How it is Sheet has already shown, those who train professionals in public and private higher education in Brazil are, above all, white people. The science produced in Brazil is still very white — and, in some areas of knowledge, it is even whiter.

The two specialists are, however, alone in a group of men that has already been seen a lot around.

The transition list ranges from the physicist Sergio Machado Rezende, minister of the portfolio from 2005 to 2011 (thus encompassing part of Lula’s two terms) to Luiz Antônio Elias, who was a strong secretary of the MCTI (Ministry of Science, Technology and Innovation ) from the period of Rezende until a few years later. He was also in the federal science portfolio under President Dilma Rousseff (PT).

There is yet another ex-minister in the group: Celso Pansera (today in the PT), who commanded the portfolio at the end of Dilma’s second term. He stayed until just before the impeachment of the president, in 2016.

Engineer Glaucius Oliva, from the Physics Institute of USP in São Carlos, has also been with Lula-Dilma. He chaired CNPq, the federal science promotion agency linked to the Ministry of Science, from 2011 to 2015.

This was after assuming a management position at the same CNPq, in 2010, shortly after winning the USP rectory elections and, controversially, not being appointed by then governor José Serra, from the PSDB (at the time, the person who took over was the 2nd place, the jurist João Grandino Rodas).

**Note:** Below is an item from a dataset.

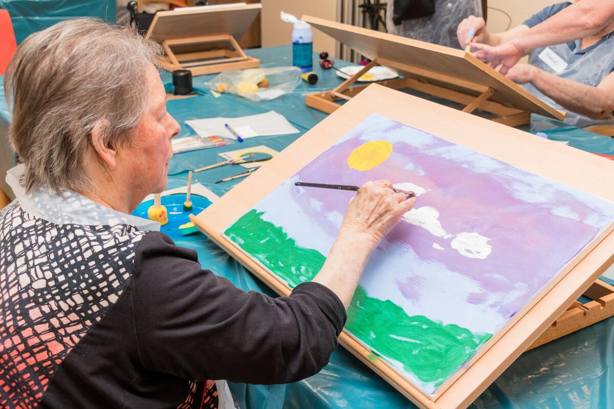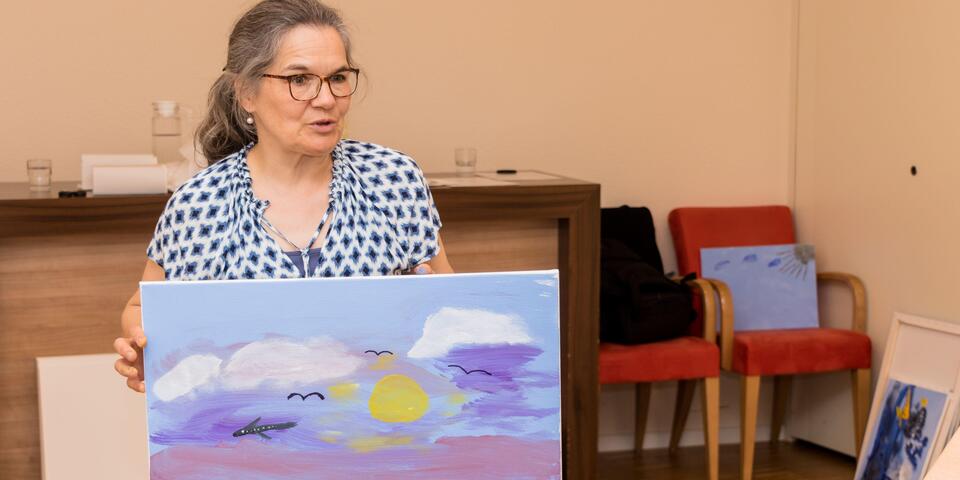 Mut zur Farbe, Mut zum persönlichen Ausdruck, Mut zur Kunst, Mut zur Konzentration – es braucht tatsächlich Mut eine weiße Leinwand zum Kunstwerk werden zu lassen! Seit 2011 ermöglicht der Freundeskreis Johanniter-Haus Waibstadt einmal im Jahr eine therapeutische Malaktion. Mit wechselnden Therapeut*innen gelang es nicht nur, immer neu Freude am Umgang mit Farben, Formen, Techniken zu wecken, es entstanden so auch sehr individuelle und ausdrucksstarke künstlerische Werke. Sie zieren Räume, Flure und finden gegen Spenden auch den Weg zu Freund*innen des Hauses. Diese Möglichkeit setzt allerdings voraus, dass die künstlerischen Arbeiten einer breiteren Öffentlichkeit zugänglich gemacht werden. Eine solche Vernissage, eine Ausstellung der aktuellen Werke, kann in diesem Jahr wieder ohne Einschränkungen stattfinden. Lassen Sie sich diesen besonderen Termin am Mittwoch, 26.Juli ab 16:00Uhr nicht entgehen! Maltherapeutin Heidrun Fischer-Hamann hat in ihrer therapeutischen Begleitung die Themen „Sommer“ und „Sommerhimmel“ angeregt, und man darf auf die Ergebnisse gespannt sein. In drei Malgruppen sind interessante Bilder aus neuem Blickwinkel entstanden, denn erstmals konnte man an Tisch-Staffeleien arbeiten und hatte das Entstehen des Werkes direkt vor Augen. Machen Sie sich selbst ein Bild bei der Vorstellung des Malprojekts in der 11.Vernissage, nehmen Sie die Gelegenheit für diese wertschätzende Begegnung wahr, freuen Sie sich an der bunten Vielfalt von Farben und Formen und hören Sie die muntere Musik des Klarinettenquartetts des MV Waibstadt unter der Leitung von Luis Flaig.
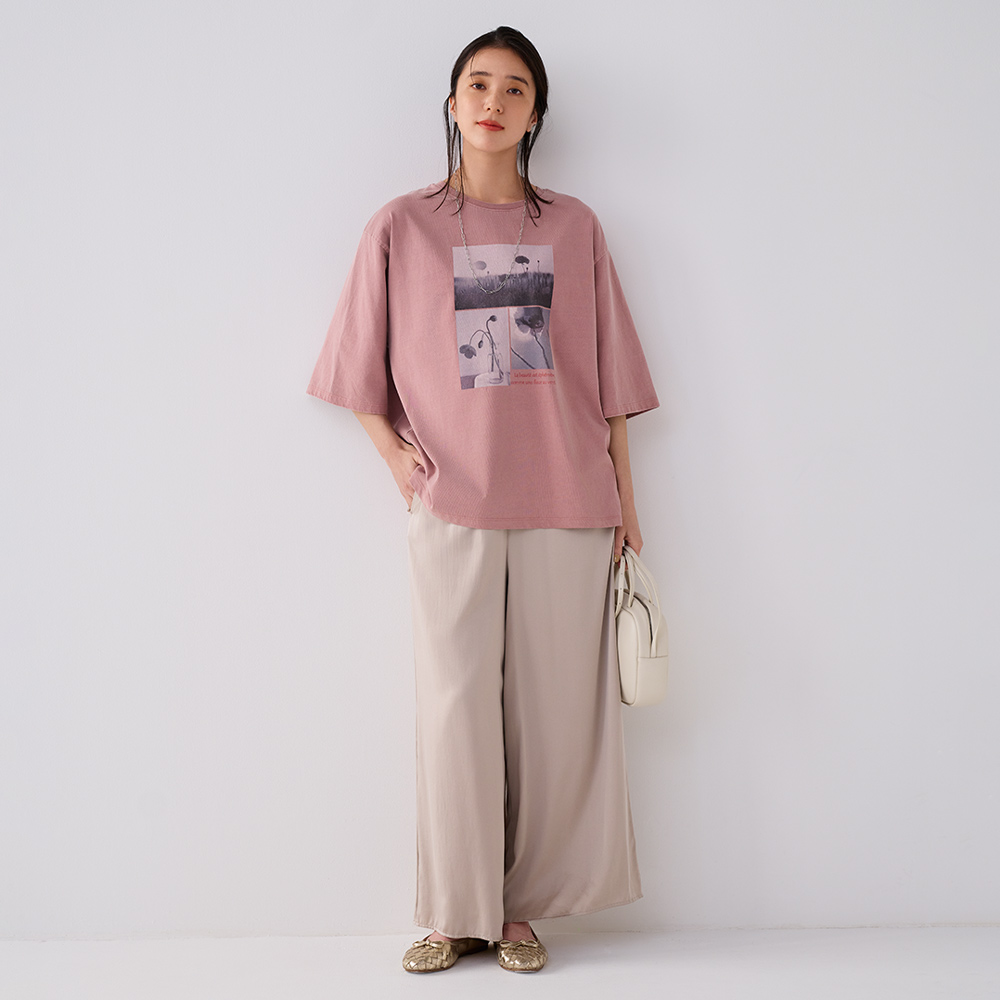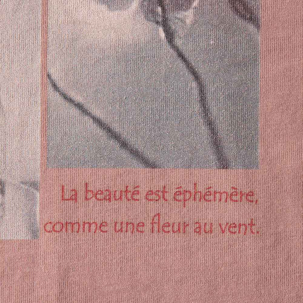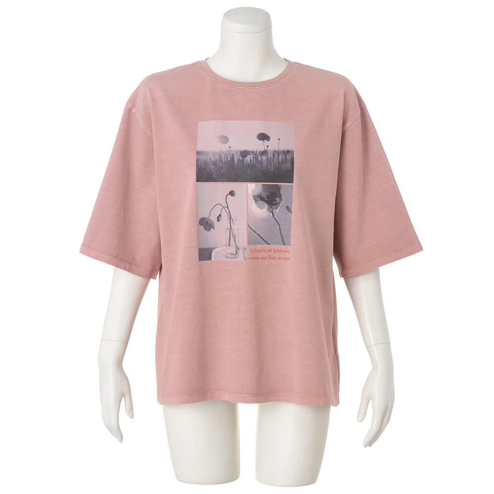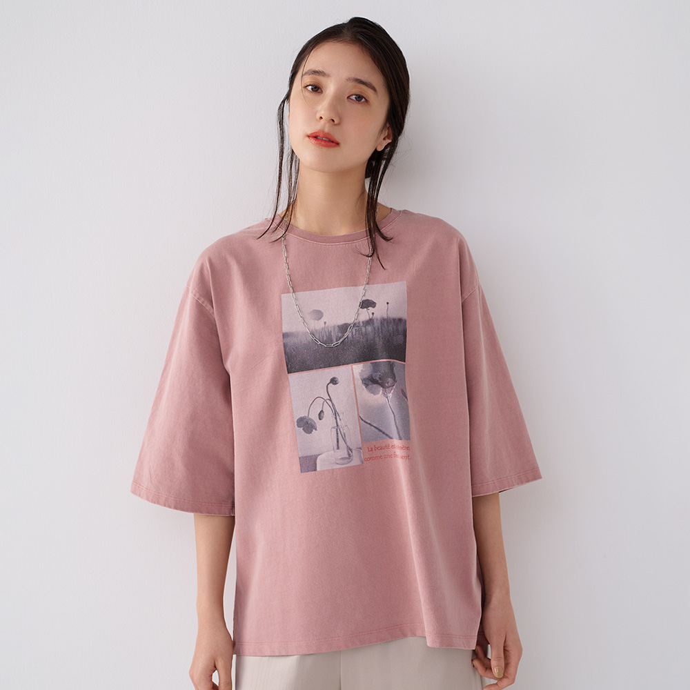 こなれた表情で、大人の余裕を映す*フォトプリントTシャツ*ピグメント加工を施すことで、ほんのりとムラ感のあるヴィンテージライクな色合いに仕上げました。着込んだような柔らかさと、ニュアンスのある発色が、装いに自然な奥行きをもたらします。胸元には、何気ない一瞬を切り取ったフォトプリントを配置。モチーフとなっているのは、フランス語で「コクリコ(coquelicot)」と呼ばれるひなげしの花。ひなげしは、儚さや美しさ、自由、そして一瞬の輝きを象徴する花として、詩や文学の世界でも愛され続けています。フランス国旗の「赤」をひなげしの色にたとえる、詩的な解釈があるほど、感性豊かな存在です。プリントには、ひなげしをイメージした詩の一節を添えて。「美しさは儚い、風に揺れる花のように」静かなメッセージが、大人の装いにさりげない物語性をプラスします。≫POINTルーズなボックスシルエットと長めの袖丈で、一枚で着ても様になり、ジャケットやカーディガンのインナーとしても上品に映える一着。日常に溶け込みながら、感性と品格をそっと引き立ててくれるTシャツです。

And most importantly: Oliva is also the name behind Science without Borders, the main exchange program in the country’s history — and star of Dilma’s science management. A signal, perhaps, that the program is redesigned.

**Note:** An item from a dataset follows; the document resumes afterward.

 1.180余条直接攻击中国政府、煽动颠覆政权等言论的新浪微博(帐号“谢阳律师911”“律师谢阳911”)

There are new names on Lula’s list, of course. And pretty strong. The main one is USP physicist Ricardo Galvão, former director of the National Institute for Space Research (Inpe), fired by the government of Jair Bolsonaro (PL) because he showed that the Amazon was being devastated in a significant way.

At the time, Inpe satellites showed that more than 1,000 km² of Amazon rainforest were cut down in the first half of July 2019, an increase of 68% compared to the same period of the previous year.

In one of the main denialist signs of the federal government, even before the pandemic, INPE’s data were rejected and Galvão was exonerated on the grounds that he could be “at the service of some NGO”.

Now, after unsuccessfully applying for a vacancy for federal deputy for the Network, Galvão has been one of the main names quoted for important positions in science in Lula’s new administration — in clear contrast to the Bolsonarist administration in the area, considered a real disaster.

Precisely because it was a disaster, the “simple” technical composition of Lula’s list already brings some relief. The lack of diversity, however, does not go down.

Low female participation does not dialogue with science itself. A few years ago, women already accounted for half of national scientific production — which is quite significant. This means that they sign around 50% of scientific articles with authors linked to research institutions in Brazil.

Even so, they are still rare in leadership positions in academia and science policy. They have never occupied, for example, the effective position of command of the MCTI since the portfolio was created, in 1985. The only —and brief— exception was Emília Maria Silva Ribeiro Curi, who temporarily took over the portfolio in 2016, after the departure of Celso Pansera. A scenario that, clearly, Lula could change.

Suggestions? Several: the biomedical Helena Nader who is president of the ABC (Brazilian Academy of Sciences), the epidemiologist not appointed to the rectory of Ufes (Federal University of Espírito Santo), Ethel Maciel, the physicist Marcia Barbosa, the microbiologist Natalia Pasternak, the immunologist Ester Sabino who made the genome of the coronavirus in record time. And so on.

In a presidential election in which science was so present, for example, in debates on Covid, the Amazon and hunger, it is also necessary for its technical staff to pay special attention —and to be innovative. A woman at the Ministry of Science would be a great plot twist in Lula’s plot.